* **AIM OF THE TASK**
Repeat the records below exactly, from the first line through the line containing "Los puestos se", and leave out any pictures.

#### EXERCISE DATA

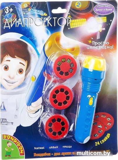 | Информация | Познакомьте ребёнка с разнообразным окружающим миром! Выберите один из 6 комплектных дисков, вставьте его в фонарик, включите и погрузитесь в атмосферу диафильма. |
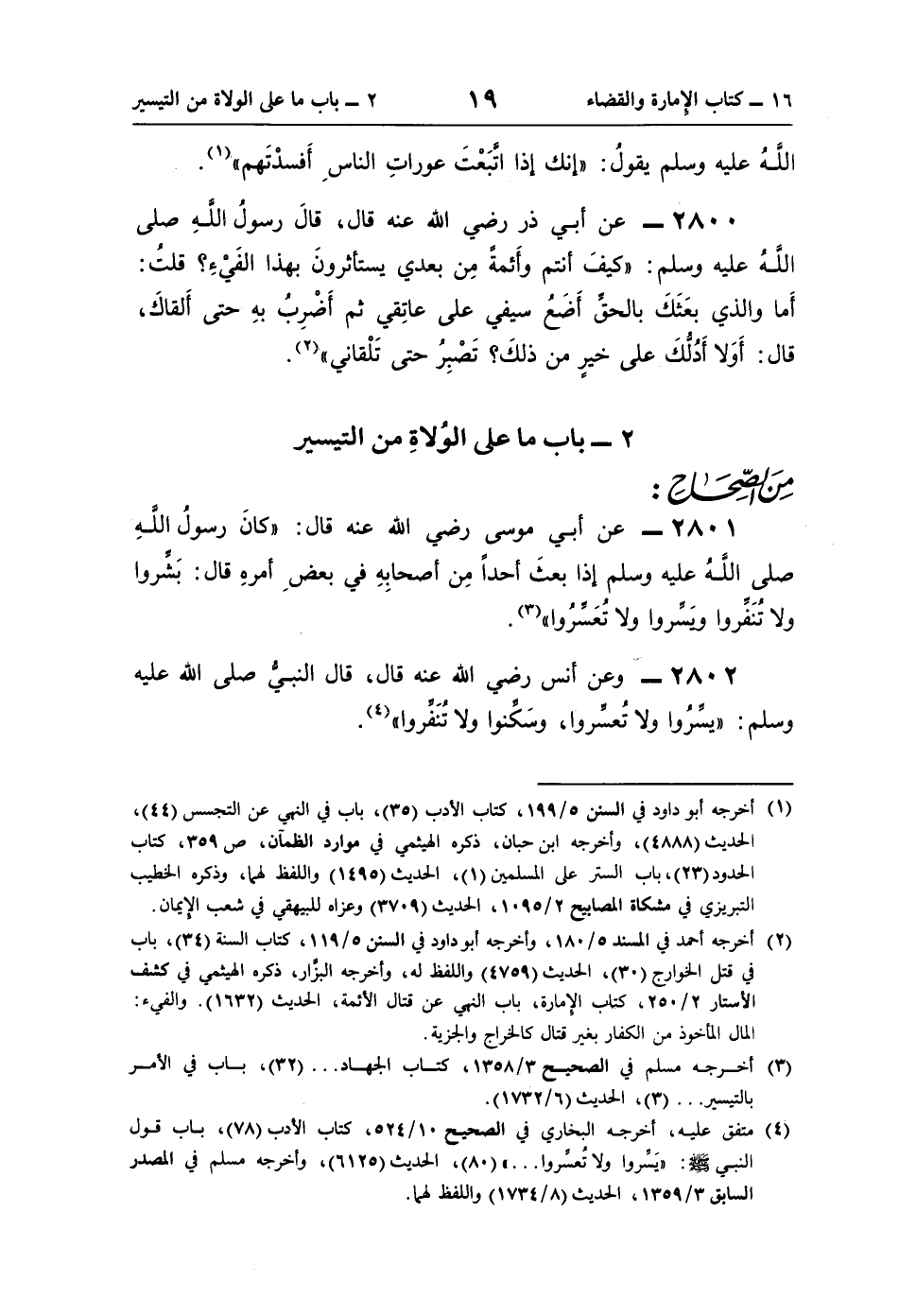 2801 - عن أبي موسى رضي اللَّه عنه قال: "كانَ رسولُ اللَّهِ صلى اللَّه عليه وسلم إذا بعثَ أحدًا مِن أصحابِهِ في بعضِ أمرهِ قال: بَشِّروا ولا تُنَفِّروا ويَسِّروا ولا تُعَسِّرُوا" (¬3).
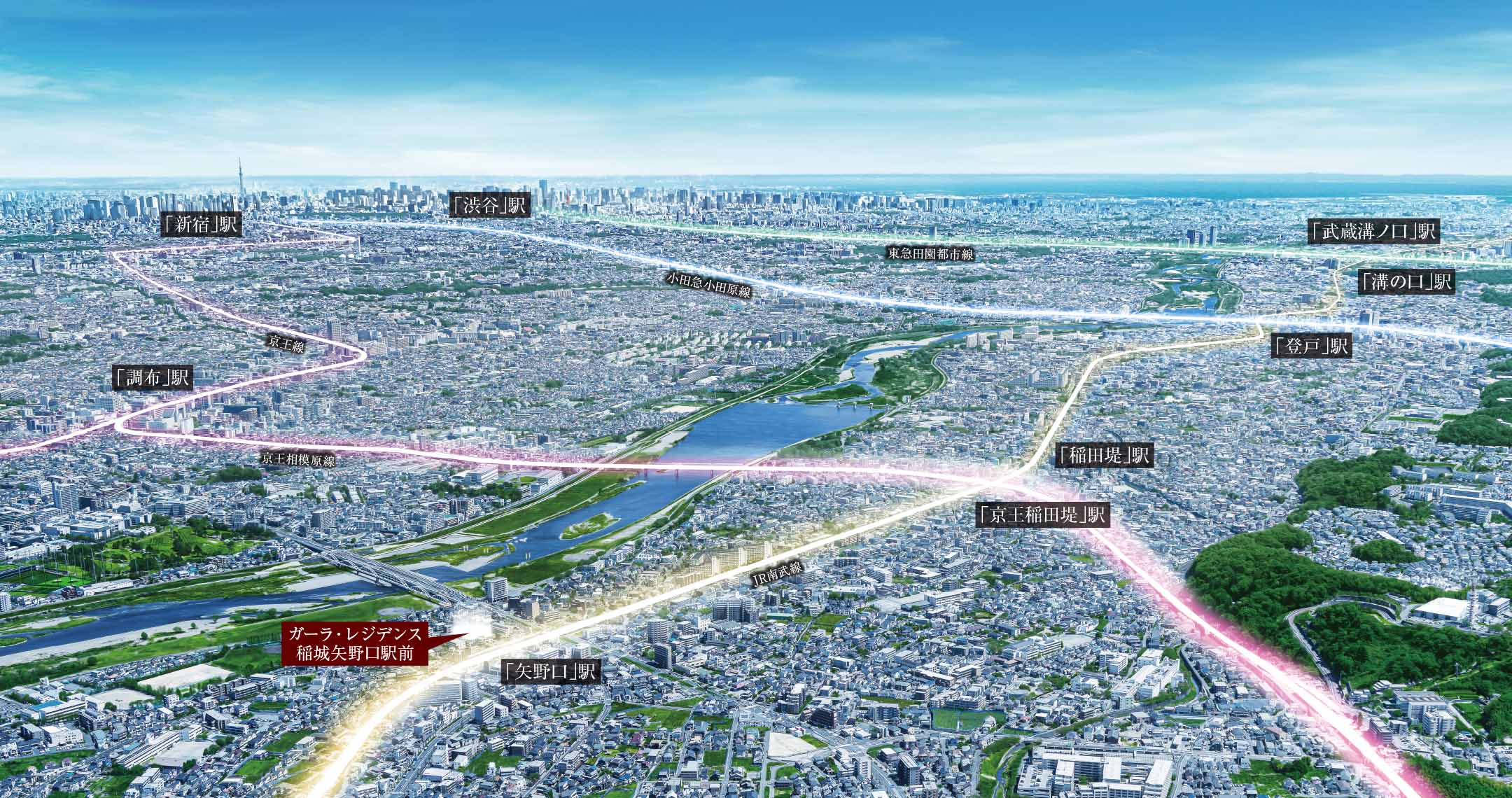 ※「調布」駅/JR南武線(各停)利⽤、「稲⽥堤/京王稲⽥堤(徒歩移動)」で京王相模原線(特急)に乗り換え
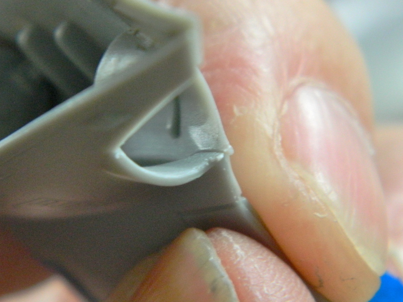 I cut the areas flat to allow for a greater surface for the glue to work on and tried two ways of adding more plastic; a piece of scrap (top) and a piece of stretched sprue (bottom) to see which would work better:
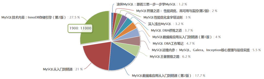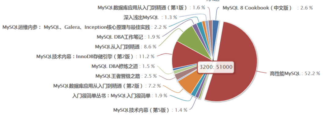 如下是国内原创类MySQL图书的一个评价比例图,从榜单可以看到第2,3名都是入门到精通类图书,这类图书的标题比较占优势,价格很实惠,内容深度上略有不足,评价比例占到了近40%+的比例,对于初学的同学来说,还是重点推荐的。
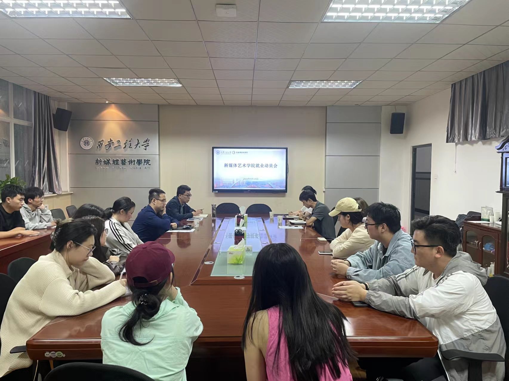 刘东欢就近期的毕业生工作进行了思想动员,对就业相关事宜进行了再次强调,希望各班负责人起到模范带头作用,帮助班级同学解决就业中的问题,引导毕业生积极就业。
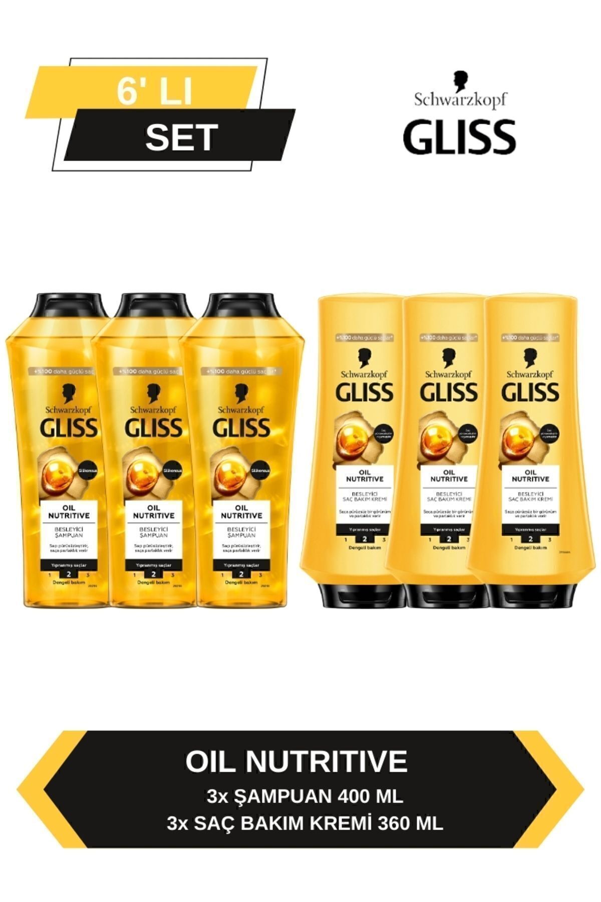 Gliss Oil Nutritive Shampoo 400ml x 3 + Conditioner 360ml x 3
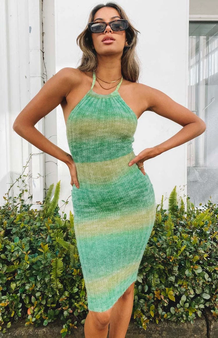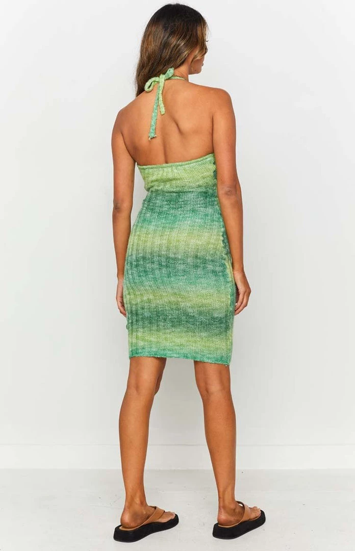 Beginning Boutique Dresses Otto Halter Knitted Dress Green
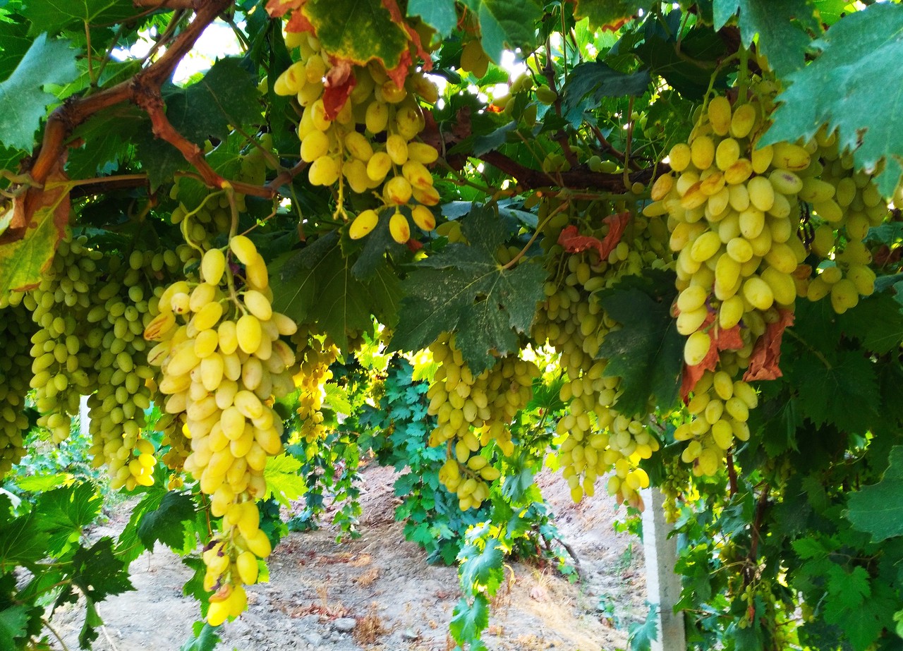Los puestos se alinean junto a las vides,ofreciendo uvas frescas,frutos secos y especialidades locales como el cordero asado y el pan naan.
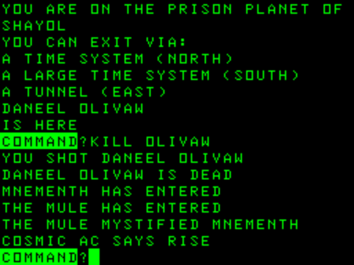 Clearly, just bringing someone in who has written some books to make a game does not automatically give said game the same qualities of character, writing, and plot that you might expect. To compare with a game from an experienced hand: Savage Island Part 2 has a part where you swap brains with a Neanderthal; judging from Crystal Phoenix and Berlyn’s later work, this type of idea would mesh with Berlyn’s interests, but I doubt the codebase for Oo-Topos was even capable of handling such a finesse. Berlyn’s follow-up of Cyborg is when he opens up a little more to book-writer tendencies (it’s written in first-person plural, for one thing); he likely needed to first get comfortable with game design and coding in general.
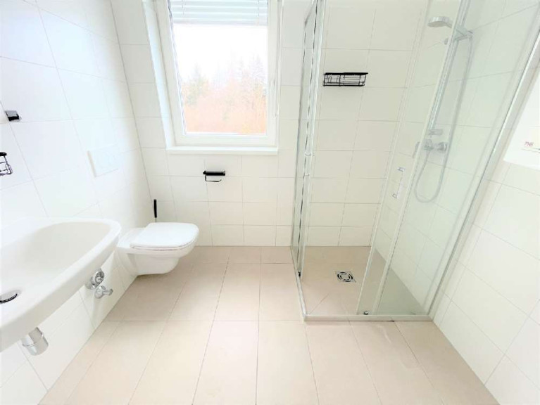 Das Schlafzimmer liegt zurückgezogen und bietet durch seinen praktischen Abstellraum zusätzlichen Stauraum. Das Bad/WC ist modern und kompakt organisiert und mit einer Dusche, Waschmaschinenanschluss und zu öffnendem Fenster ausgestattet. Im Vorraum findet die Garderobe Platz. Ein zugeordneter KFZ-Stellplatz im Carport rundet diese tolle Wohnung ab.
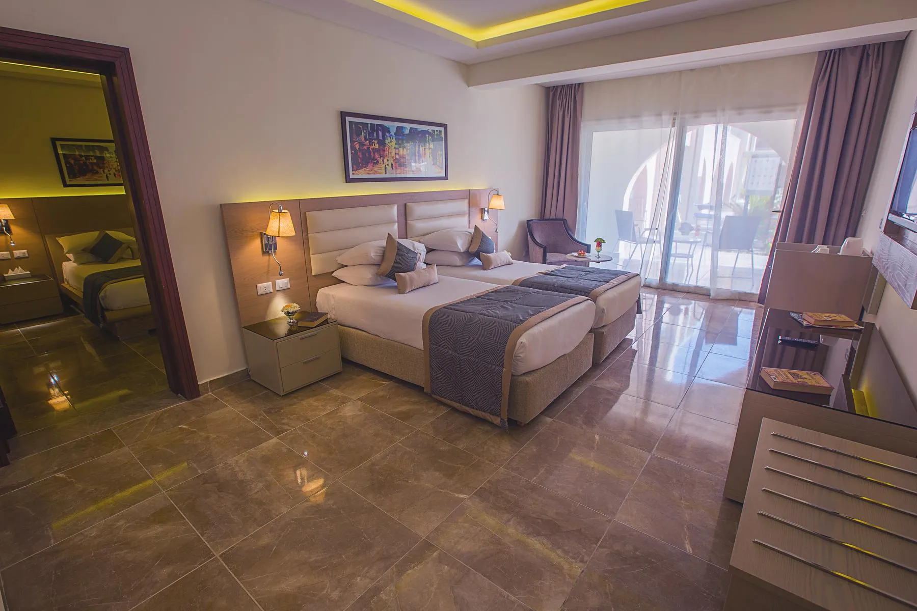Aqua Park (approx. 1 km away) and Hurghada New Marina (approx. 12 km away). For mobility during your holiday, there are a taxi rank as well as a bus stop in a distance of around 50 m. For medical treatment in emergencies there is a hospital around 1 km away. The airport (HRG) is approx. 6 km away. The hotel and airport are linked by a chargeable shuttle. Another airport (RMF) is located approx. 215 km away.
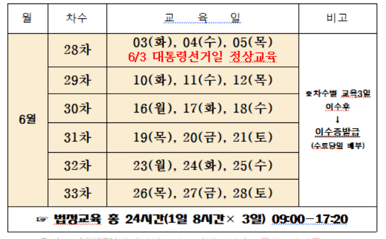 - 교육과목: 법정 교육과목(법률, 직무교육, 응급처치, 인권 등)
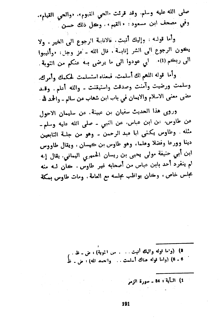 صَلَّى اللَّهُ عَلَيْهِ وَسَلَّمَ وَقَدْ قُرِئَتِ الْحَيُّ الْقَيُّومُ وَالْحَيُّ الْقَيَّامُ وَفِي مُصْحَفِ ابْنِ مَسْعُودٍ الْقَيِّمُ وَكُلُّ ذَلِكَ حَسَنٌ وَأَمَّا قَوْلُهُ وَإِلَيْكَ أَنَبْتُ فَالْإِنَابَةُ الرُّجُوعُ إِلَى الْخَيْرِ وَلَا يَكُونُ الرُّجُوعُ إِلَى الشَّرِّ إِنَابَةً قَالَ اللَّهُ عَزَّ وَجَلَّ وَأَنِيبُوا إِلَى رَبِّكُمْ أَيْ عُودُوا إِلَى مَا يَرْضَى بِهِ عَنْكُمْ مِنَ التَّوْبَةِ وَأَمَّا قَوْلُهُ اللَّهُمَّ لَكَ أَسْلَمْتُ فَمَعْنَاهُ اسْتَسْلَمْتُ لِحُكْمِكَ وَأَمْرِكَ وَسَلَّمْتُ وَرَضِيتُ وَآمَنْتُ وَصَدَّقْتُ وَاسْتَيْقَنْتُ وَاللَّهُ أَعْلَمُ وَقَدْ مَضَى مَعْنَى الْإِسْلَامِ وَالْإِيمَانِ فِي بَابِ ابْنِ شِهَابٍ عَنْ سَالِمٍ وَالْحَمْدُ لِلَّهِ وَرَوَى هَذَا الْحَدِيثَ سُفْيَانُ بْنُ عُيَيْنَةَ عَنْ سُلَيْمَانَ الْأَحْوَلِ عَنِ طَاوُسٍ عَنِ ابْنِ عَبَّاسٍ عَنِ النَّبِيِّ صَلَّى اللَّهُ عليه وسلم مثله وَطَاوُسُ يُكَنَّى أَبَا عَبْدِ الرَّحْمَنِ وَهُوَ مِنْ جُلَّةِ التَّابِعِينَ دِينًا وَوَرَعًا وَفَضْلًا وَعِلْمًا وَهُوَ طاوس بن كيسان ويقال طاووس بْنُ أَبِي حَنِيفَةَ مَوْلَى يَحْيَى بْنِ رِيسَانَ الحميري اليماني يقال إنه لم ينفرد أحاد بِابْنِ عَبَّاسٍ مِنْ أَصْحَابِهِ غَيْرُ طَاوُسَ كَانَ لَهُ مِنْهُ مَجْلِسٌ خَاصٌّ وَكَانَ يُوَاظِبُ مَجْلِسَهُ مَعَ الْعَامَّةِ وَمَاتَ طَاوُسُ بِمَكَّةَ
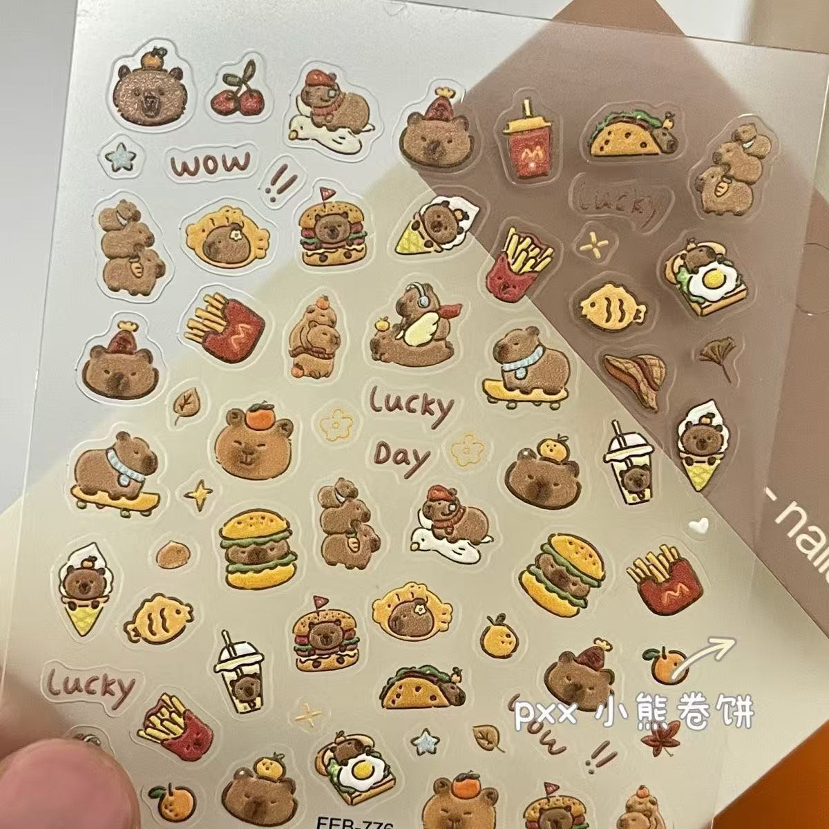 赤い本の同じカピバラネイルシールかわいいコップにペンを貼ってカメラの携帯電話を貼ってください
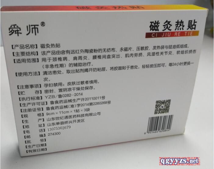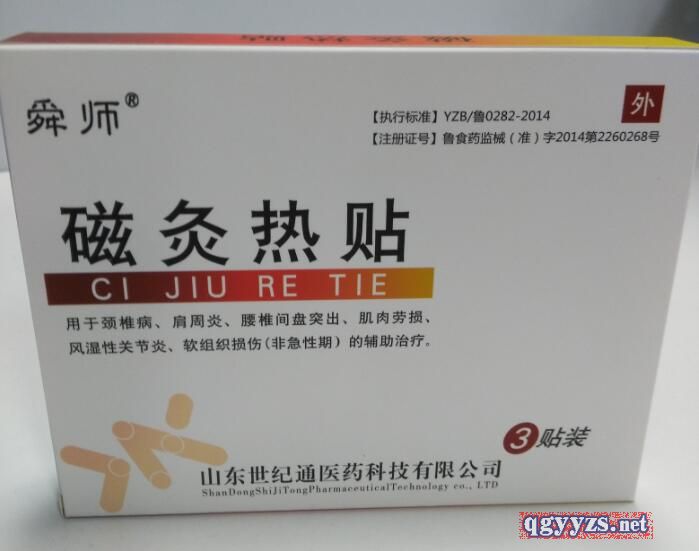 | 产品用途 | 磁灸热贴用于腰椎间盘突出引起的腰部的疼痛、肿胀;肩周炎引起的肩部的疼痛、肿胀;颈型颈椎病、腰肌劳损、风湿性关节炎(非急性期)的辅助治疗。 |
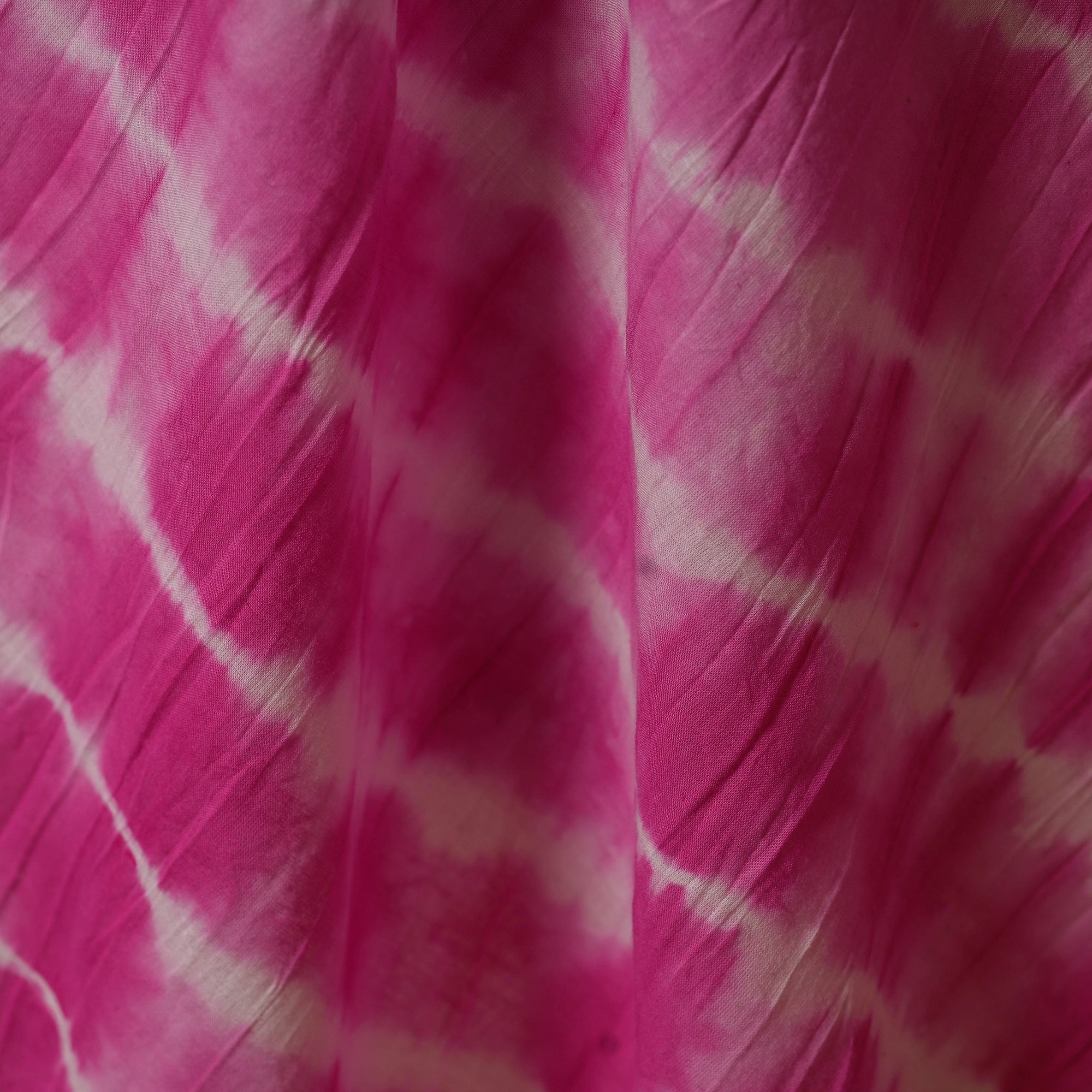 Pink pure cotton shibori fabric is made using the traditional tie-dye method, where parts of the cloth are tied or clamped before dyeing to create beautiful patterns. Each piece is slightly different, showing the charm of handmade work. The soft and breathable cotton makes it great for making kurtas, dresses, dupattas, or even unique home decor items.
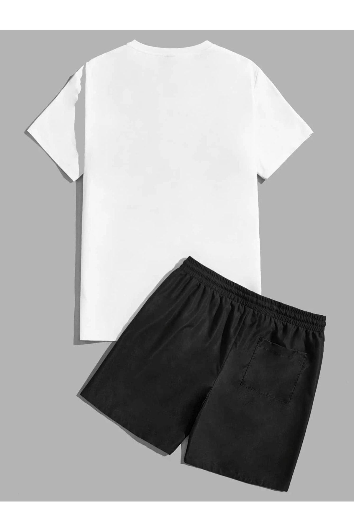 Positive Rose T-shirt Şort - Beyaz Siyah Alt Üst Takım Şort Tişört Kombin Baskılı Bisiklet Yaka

########

* **FINAL ANSWER**
 | Информация | Познакомьте ребёнка с разнообразным окружающим миром! Выберите один из 6 комплектных дисков, вставьте его в фонарик, включите и погрузитесь в атмосферу диафильма. |
 2801 - عن أبي موسى رضي اللَّه عنه قال: "كانَ رسولُ اللَّهِ صلى اللَّه عليه وسلم إذا بعثَ أحدًا مِن أصحابِهِ في بعضِ أمرهِ قال: بَشِّروا ولا تُنَفِّروا ويَسِّروا ولا تُعَسِّرُوا" (¬3).
 ※「調布」駅/JR南武線(各停)利⽤、「稲⽥堤/京王稲⽥堤(徒歩移動)」で京王相模原線(特急)に乗り換え
 I cut the areas flat to allow for a greater surface for the glue to work on and tried two ways of adding more plastic; a piece of scrap (top) and a piece of stretched sprue (bottom) to see which would work better:
 如下是国内原创类MySQL图书的一个评价比例图,从榜单可以看到第2,3名都是入门到精通类图书,这类图书的标题比较占优势,价格很实惠,内容深度上略有不足,评价比例占到了近40%+的比例,对于初学的同学来说,还是重点推荐的。
 刘东欢就近期的毕业生工作进行了思想动员,对就业相关事宜进行了再次强调,希望各班负责人起到模范带头作用,帮助班级同学解决就业中的问题,引导毕业生积极就业。
 Gliss Oil Nutritive Shampoo 400ml x 3 + Conditioner 360ml x 3
 Beginning Boutique Dresses Otto Halter Knitted Dress Green
Los puestos se alinean junto a las vides,ofreciendo uvas frescas,frutos secos y especialidades locales como el cordero asado y el pan naan.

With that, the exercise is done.